### Prompt
Exactly reproduce the lines from the one containing "튀김옷에 빵가루가 아주" through the last line of the data, both ends included, leaving out pictures.

### Raw data
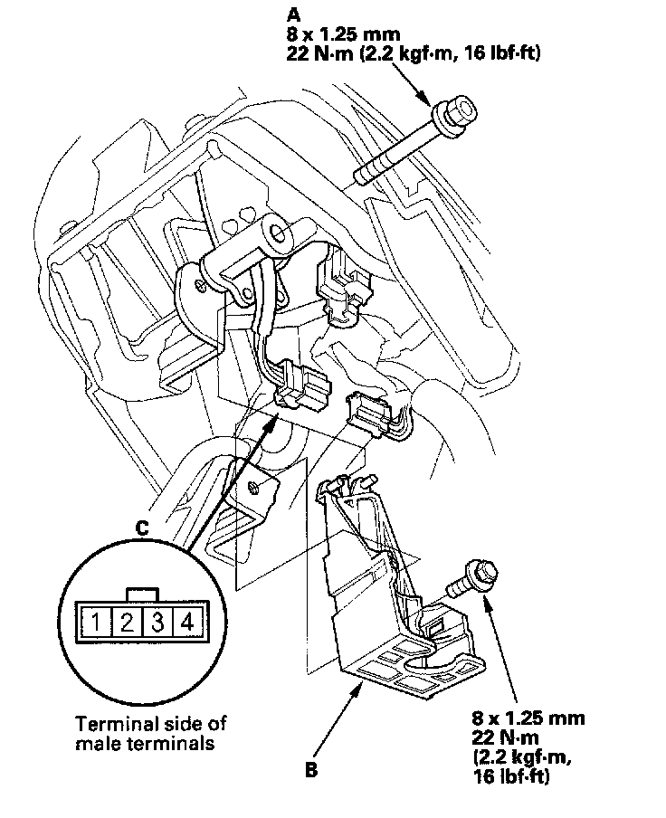 28. Install the O/D switch harness terminals (C) in the No. 1 and No. 2 cavities. Either O/D switch harness terminal can be installed in No. 1 and No. 2 cavities.
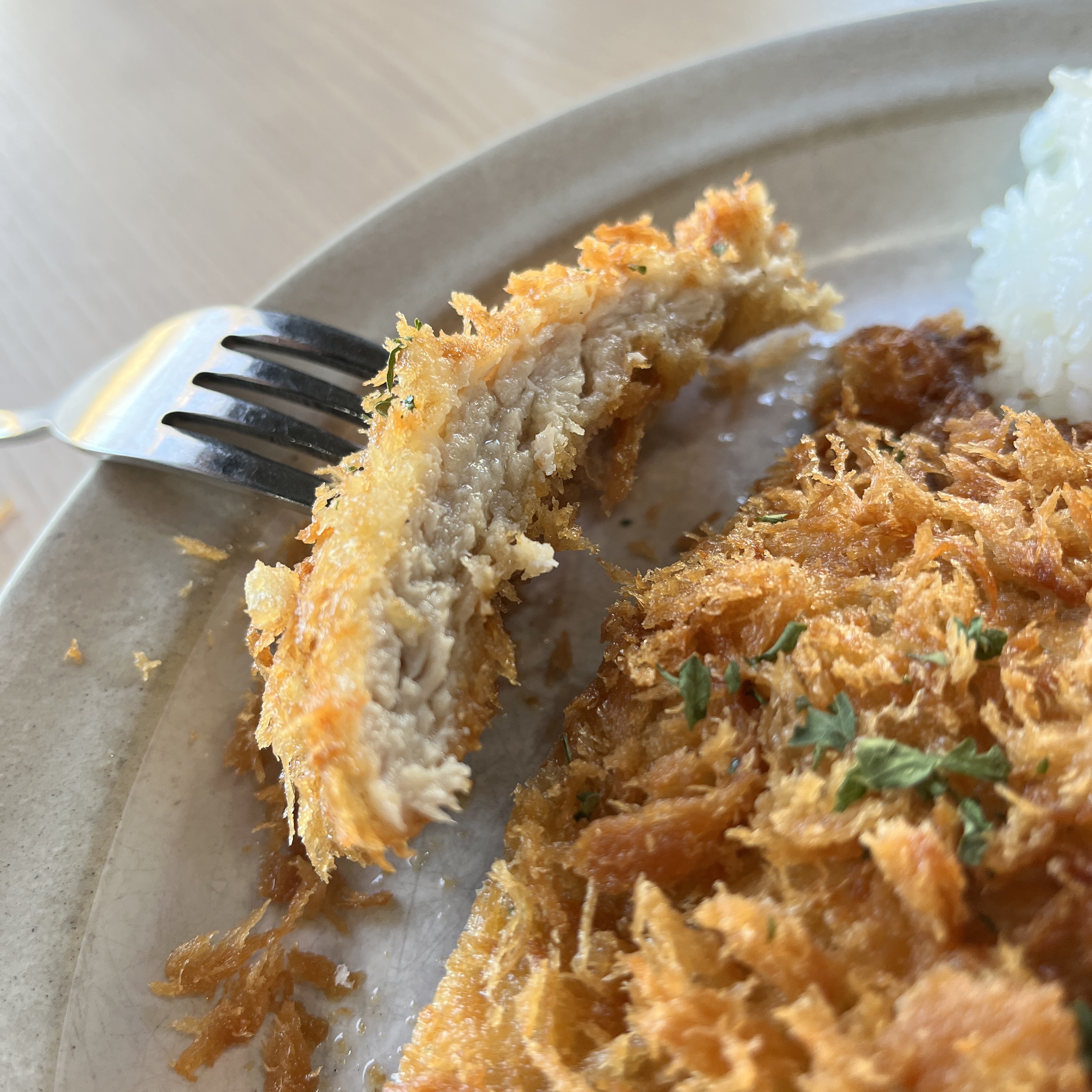 튀김옷에 빵가루가 아주 적당히 묻혀져 있었고 조리도 타지 않고 잘 되어 있어서 겉은 바삭함의 극치였고,
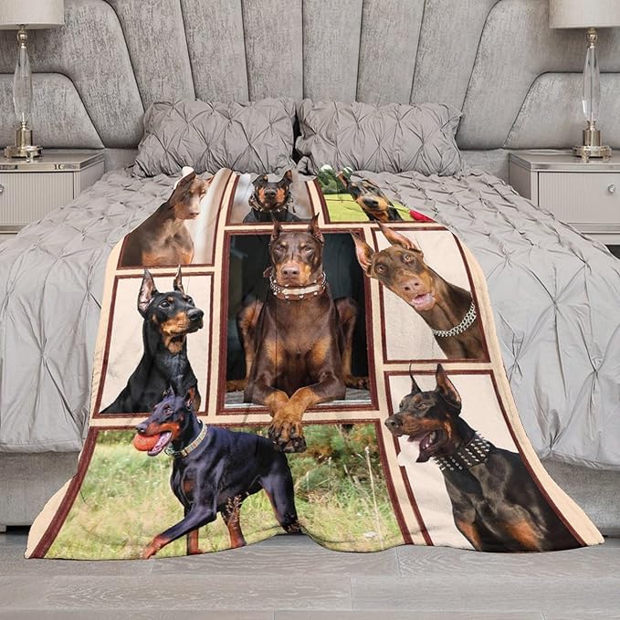 Doberman Blanket Dog Doberman Gifts for Girls Boys Woman Kids Doberman Lover Throw Blankets Soft Blanket Warm Fleece Flannel Plush Blankets for Bed Sofa Couch 50"x60"
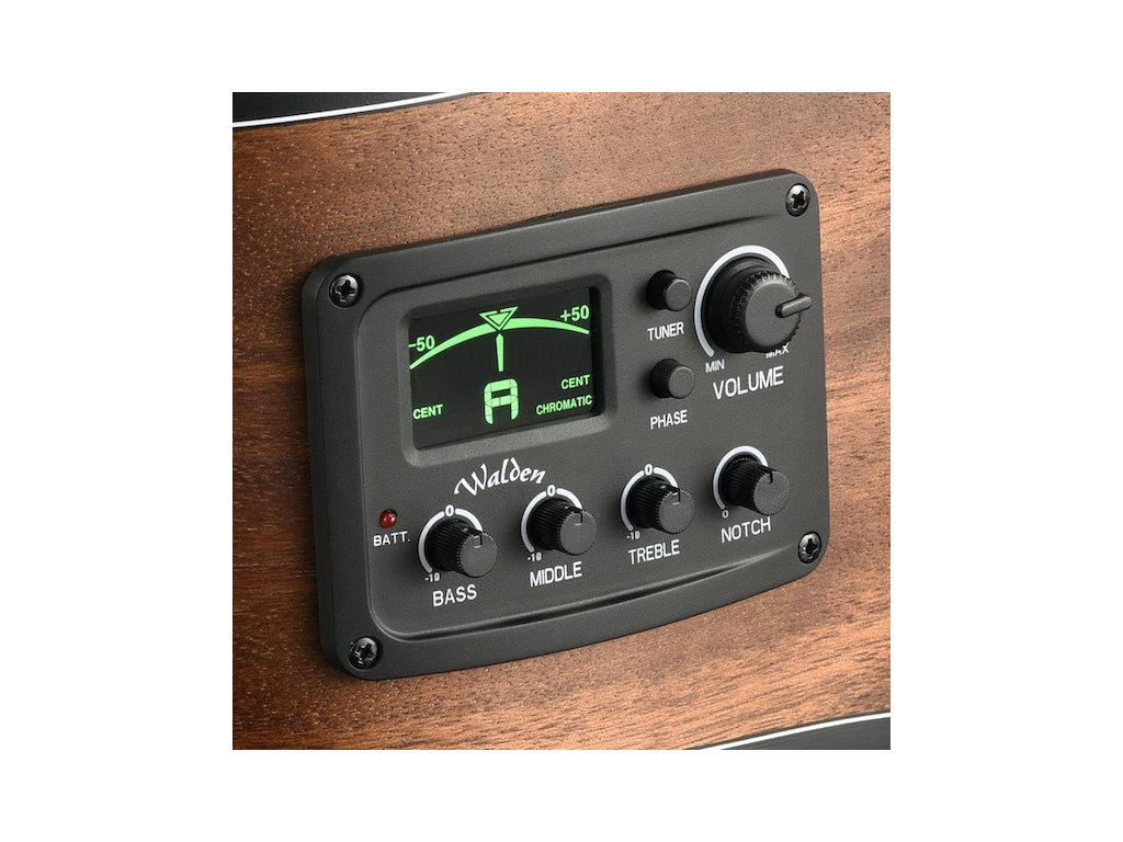 Povrchová úprava s otevřenými póry v saténovém lesku zajišťuje přirozenou odezvu dřeva a zároveň ekologicky šetrnou ochranu. O spolehlivý výkon na pódiu se stará elektronika Walden MG-20 s vestavěnou ladičkou, která poskytuje čistý a vyvážený výstup. Osazena je kvalitními strunami D’Addario EXP46, které jsou potažené pro delší životnost a stabilní zvuk.

### Written answer
 튀김옷에 빵가루가 아주 적당히 묻혀져 있었고 조리도 타지 않고 잘 되어 있어서 겉은 바삭함의 극치였고,
 Doberman Blanket Dog Doberman Gifts for Girls Boys Woman Kids Doberman Lover Throw Blankets Soft Blanket Warm Fleece Flannel Plush Blankets for Bed Sofa Couch 50"x60"
 Povrchová úprava s otevřenými póry v saténovém lesku zajišťuje přirozenou odezvu dřeva a zároveň ekologicky šetrnou ochranu. O spolehlivý výkon na pódiu se stará elektronika Walden MG-20 s vestavěnou ladičkou, která poskytuje čistý a vyvážený výstup. Osazena je kvalitními strunami D’Addario EXP46, které jsou potažené pro delší životnost a stabilní zvuk.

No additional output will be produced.